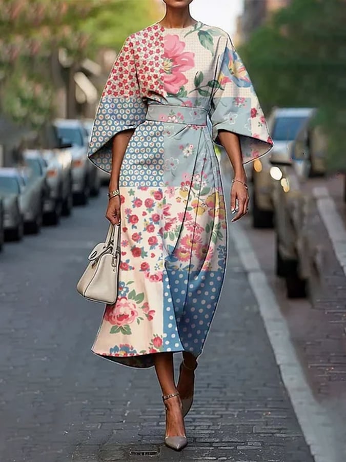 Women's Retro Botanical Floral Patchwork Art Print Dress
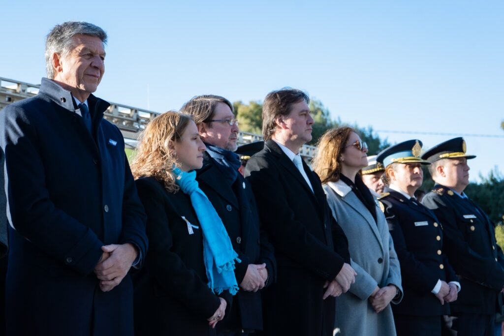 La ceremonia comenzó con el izamiento del pabellón nacional, encabezado por la intendente Mariel Peralta, acompañada por la comisario Roxana Correa, jefa de la División Unidad Operativa Federal de Comodoro Rivadavia, y el comisario Raúl Jones de la Unidad Regional.
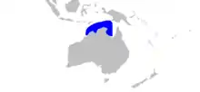 The plain maskray inhabits the continental shelf of northern Australia from the Wellesley Islands in Queensland to the Bonaparte Archipelago in Western Australia, including the Gulf of Carpentaria and the Timor and Arafura Seas.[2] There are unsubstantiated reports that its range extends to southern Papua New Guinea. It is the least common of the several maskray species native to the region.[1] This species is a bottom-dweller that prefers habitats with fine sediment. It has been recorded from between 12 and 62 m (39 and 203 ft) deep, and tends to be found farther away from shore than other maskrays in its range.[1]
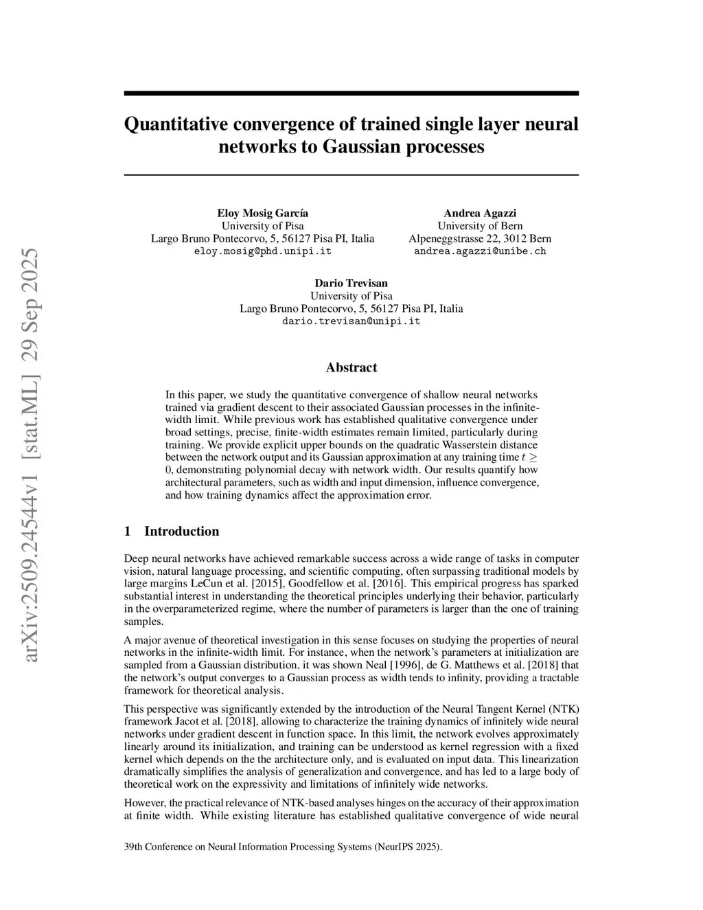Quantitative convergence of trained single layer neural networks to Gaussian processes
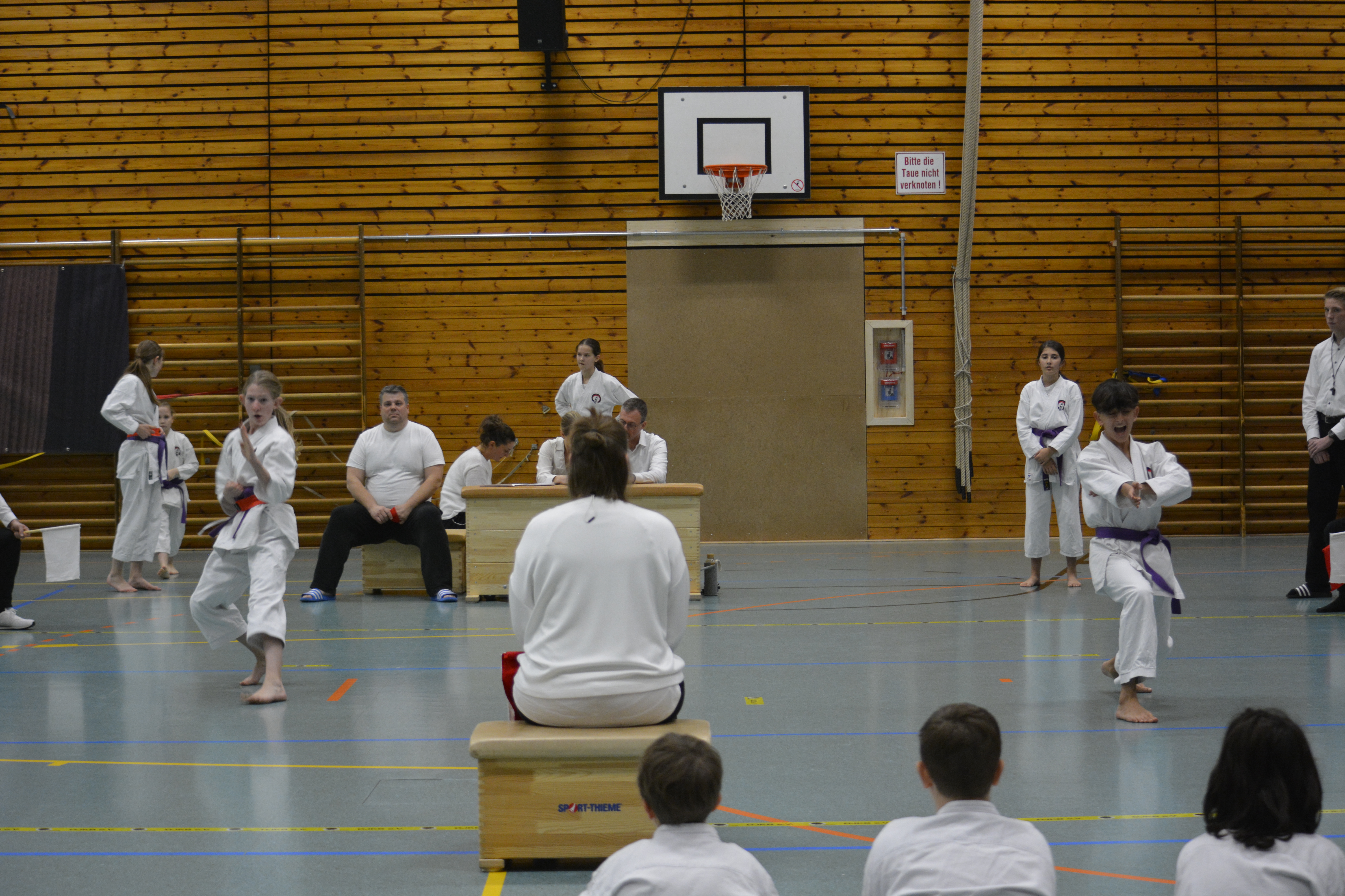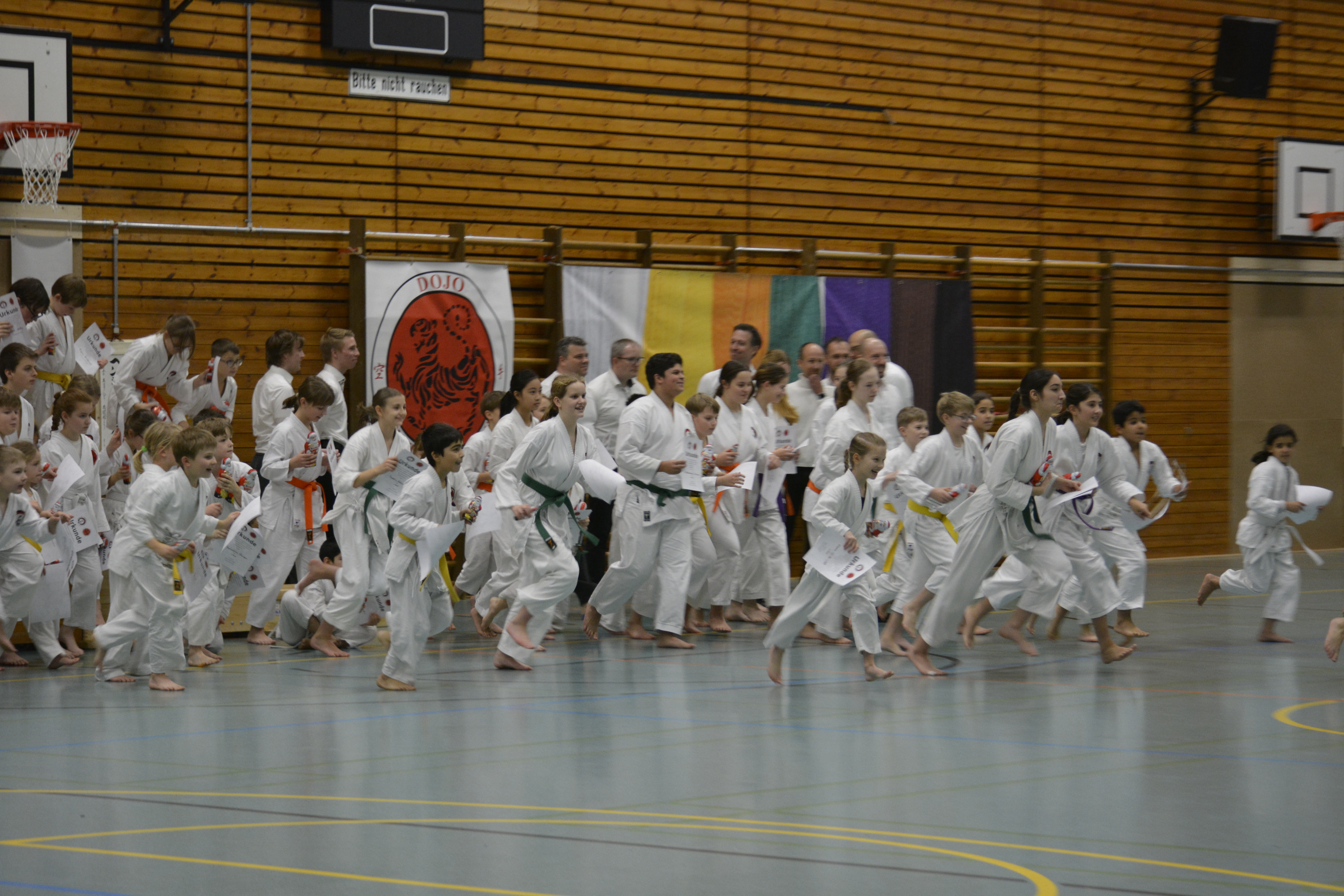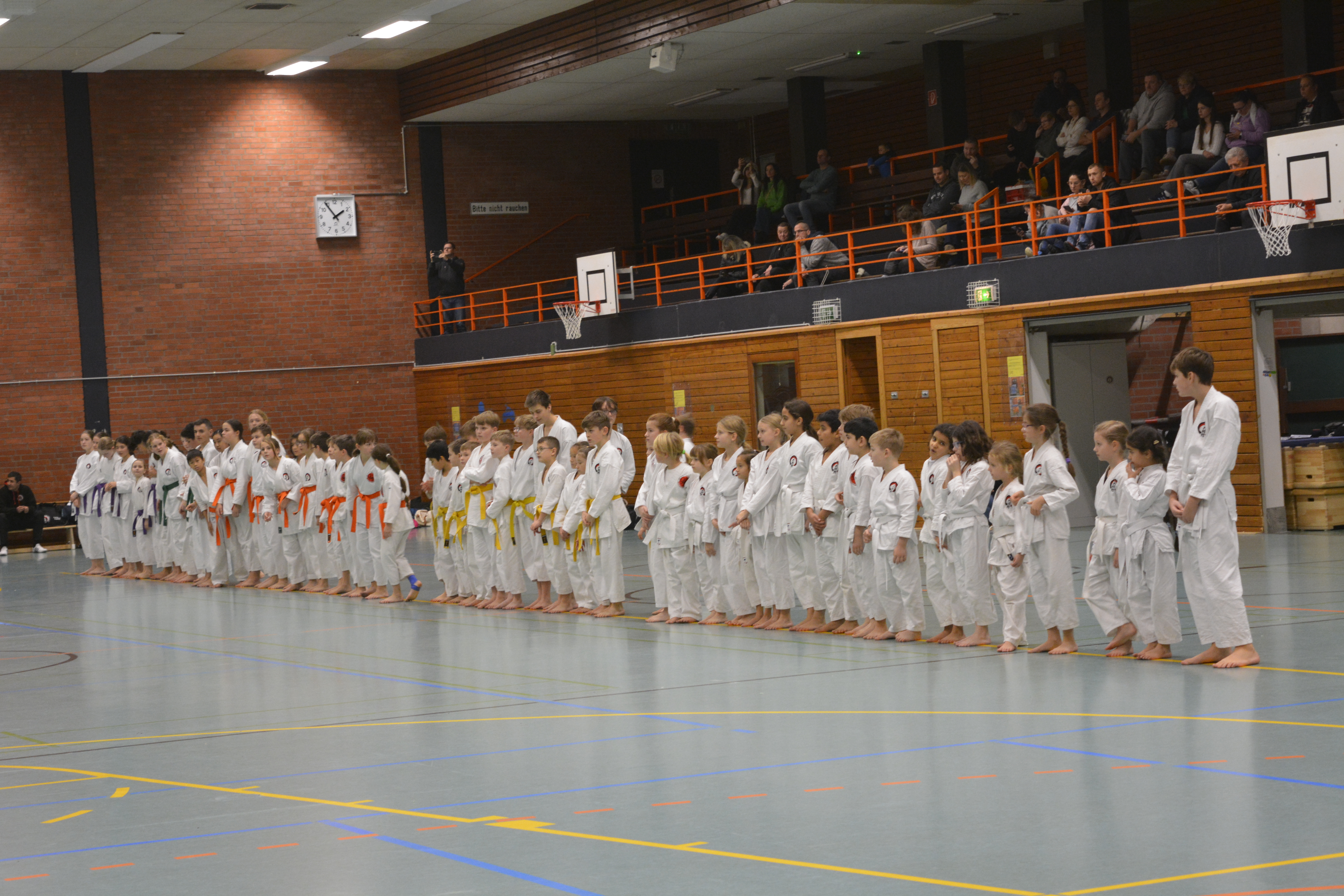 In 12 Gruppen - unterteilt nach Alter, Disziplin und Graduierung - zeigten die Nachwuchs-Athleten ihr Können in den Disziplinen Kata, Kihon-Ippon Kumite und Jiyu-Ippon Kumite. Die jungen Karateka beeindruckten dabei nicht nur mit hohem Einsatz und starkem Kampfgeist, sondern auch mit einem fairen Umgang und ausgesprochenem Sportsgeist. So herrschte trotz "Wettkampf" ein Gefühl des Miteinander, anstatt eines Gegeneinander.
------
- PROBLEM DESCRIPTION
All entries above must be printed again verbatim, with images excluded.

- SOLUTION TO THIS TASK
 Women's Retro Botanical Floral Patchwork Art Print Dress
 La ceremonia comenzó con el izamiento del pabellón nacional, encabezado por la intendente Mariel Peralta, acompañada por la comisario Roxana Correa, jefa de la División Unidad Operativa Federal de Comodoro Rivadavia, y el comisario Raúl Jones de la Unidad Regional.
 The plain maskray inhabits the continental shelf of northern Australia from the Wellesley Islands in Queensland to the Bonaparte Archipelago in Western Australia, including the Gulf of Carpentaria and the Timor and Arafura Seas.[2] There are unsubstantiated reports that its range extends to southern Papua New Guinea. It is the least common of the several maskray species native to the region.[1] This species is a bottom-dweller that prefers habitats with fine sediment. It has been recorded from between 12 and 62 m (39 and 203 ft) deep, and tends to be found farther away from shore than other maskrays in its range.[1]
Quantitative convergence of trained single layer neural networks to Gaussian processes
 In 12 Gruppen - unterteilt nach Alter, Disziplin und Graduierung - zeigten die Nachwuchs-Athleten ihr Können in den Disziplinen Kata, Kihon-Ippon Kumite und Jiyu-Ippon Kumite. Die jungen Karateka beeindruckten dabei nicht nur mit hohem Einsatz und starkem Kampfgeist, sondern auch mit einem fairen Umgang und ausgesprochenem Sportsgeist. So herrschte trotz "Wettkampf" ein Gefühl des Miteinander, anstatt eines Gegeneinander.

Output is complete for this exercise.